Efficiency of Transformers

• Efficiency in transformers indicates how well they convert input power into output power, mathematically represented as efficiency (%) = P_s/P_p * 100%.

• Ideal efficiency would be at 100%, but real-world applications often yield lower due to energy losses primarily through heat.

Practical Efficiency Example

• An example problem presents a transformer with a primary voltage of 220 Volts and a primary current of 10 Amperes; it seeks to calculate its efficiency when given specific secondary parameters.

• Secondary voltage (V_s = 150V), with an associated current of I_s = 8A, leads us into calculating efficiency using established formulas.

Final Efficiency Calculation Steps

• Plugging in known values into the efficiency formula yields results that require simplification by canceling out common factors.

• After performing calculations, it concludes with an efficiency value of approximately 54.5%, highlighting typical energy loss during operation.

Additional Example on Efficiency

• Another scenario discusses a transformer with an already known efficiency of 60% producing specific outputs under defined conditions; it aims to determine the required primary current when supplied with certain voltages.

• By substituting known efficiencies back into the original formula while isolating variables allows for solving unknown quantities effectively.

This structured approach provides clarity on transformer operations and calculations essential for understanding electrical engineering principles related to transformers.

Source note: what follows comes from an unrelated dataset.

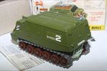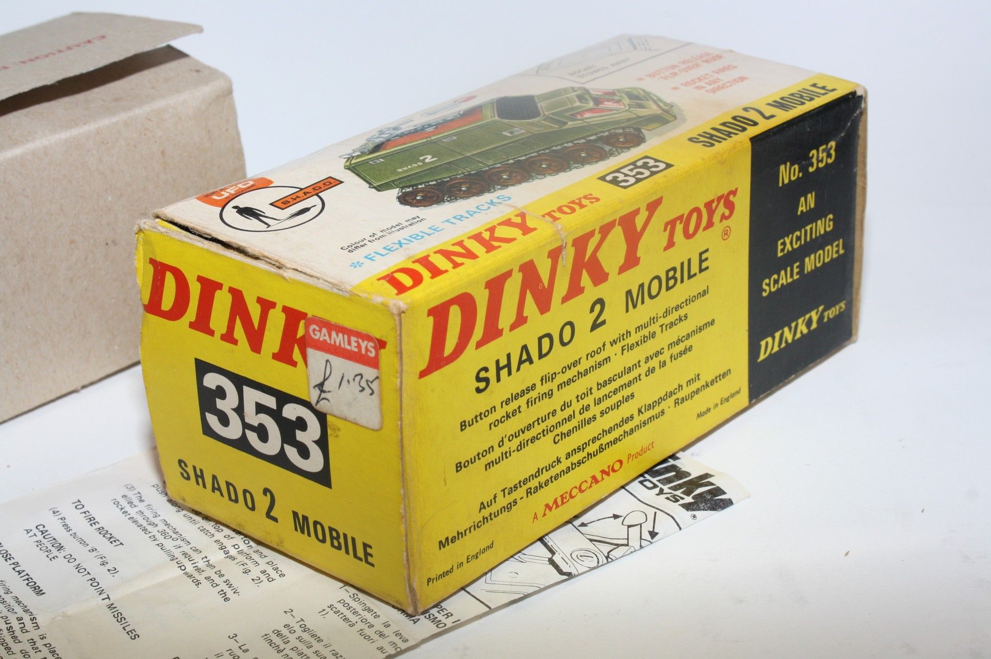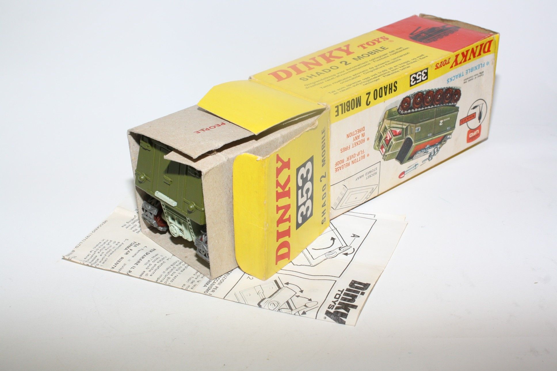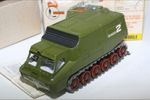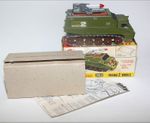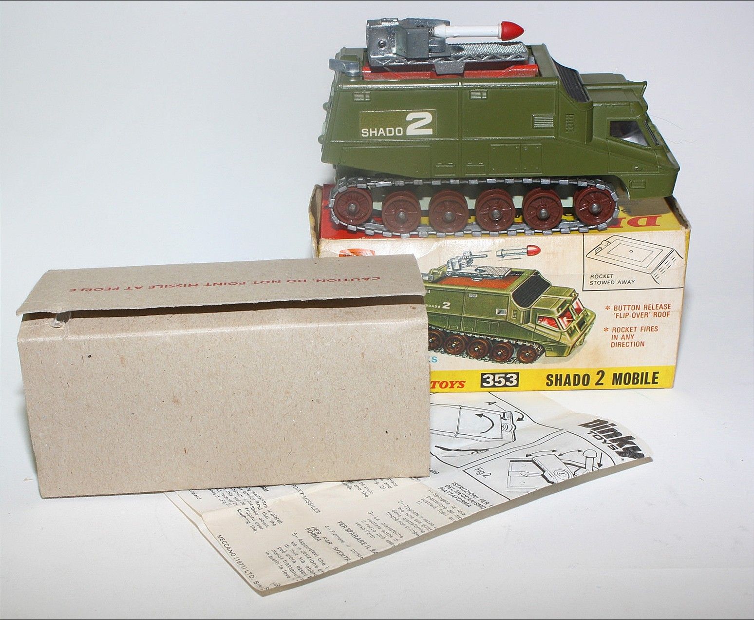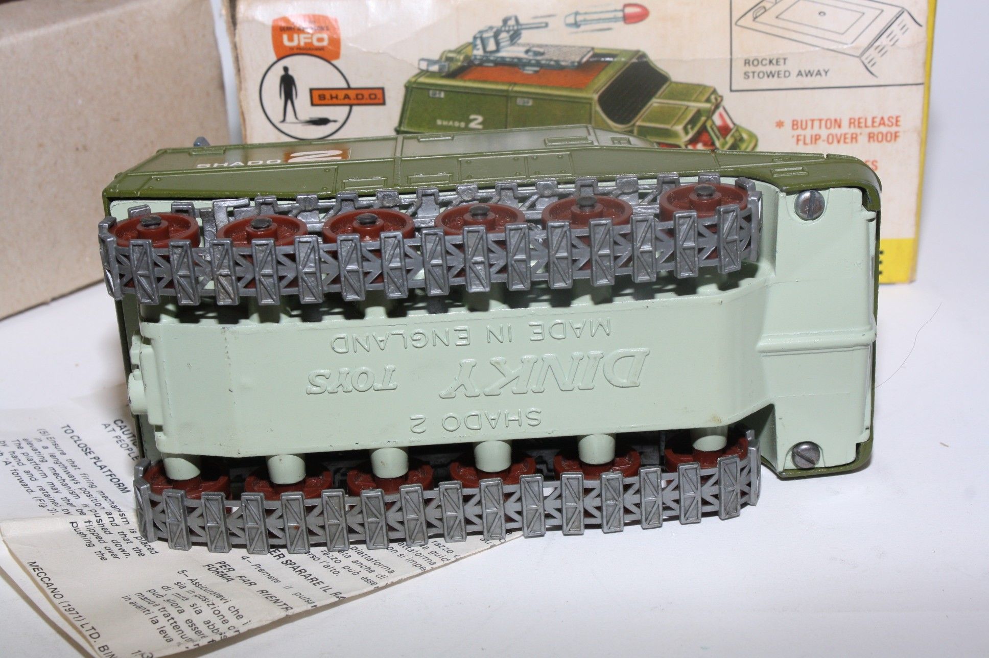 A beautiful example of this early issue UFO Shado 2 Gerry Anderson model. Purchased from the original owner. Part of the Wimborne GA Collection,Green paintwork is mint, please study the photos. Perfect silver tracks on brown rollers, windows perfect, white interior, missile launcher all in good working order with original missile, rotating roof all good and locks into position as it should, original decals are excellent. Baseplate is virtually.
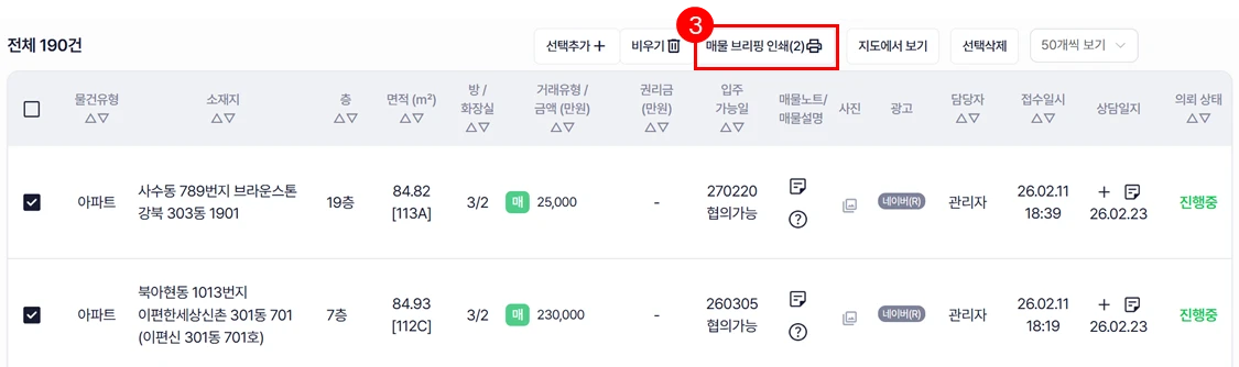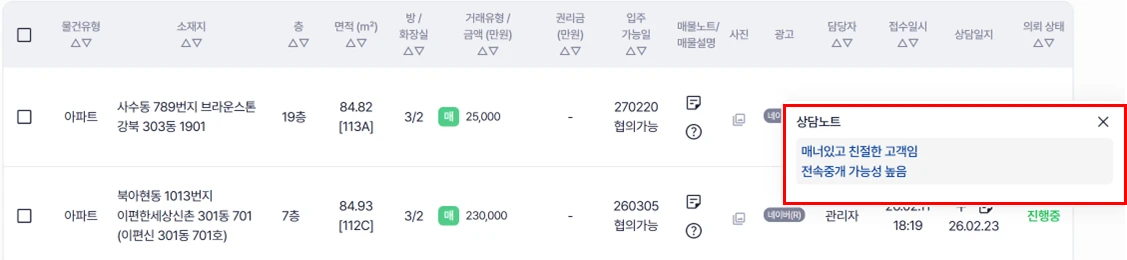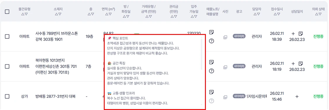 매물 접수를 했다면 접수한 매물을 한 눈에 확인하고 고객들에게 브리핑까지 한번에 할 수 있어야 합니다. 또한 나만 보는 것이 아니라 고객과 함께 보는 상황도 필요합니다. 이때 보여주고 싶은 정보와 나만 보고 싶은 정보가 구분되어 있어 편리합니다.

Mathematical Simplification and IP Calculation

Steps in Mathematical Simplification

• The process begins with eliminating certain numbers, specifically the zeroes from both sides of an equation. This simplification leads to a clearer representation of the problem.

• The calculation proceeds by multiplying 5 by 4, resulting in 20. This value is then multiplied by 10, yielding a total of 200.

Finding the Value of IP

• To find the value of IP, further simplification is performed by dividing both the numerator (200) and denominator (2).

• After division, the remaining number is 100. Thus, the left side remains as 60 while on the right side it shows a fraction with 100 over what remains for IP.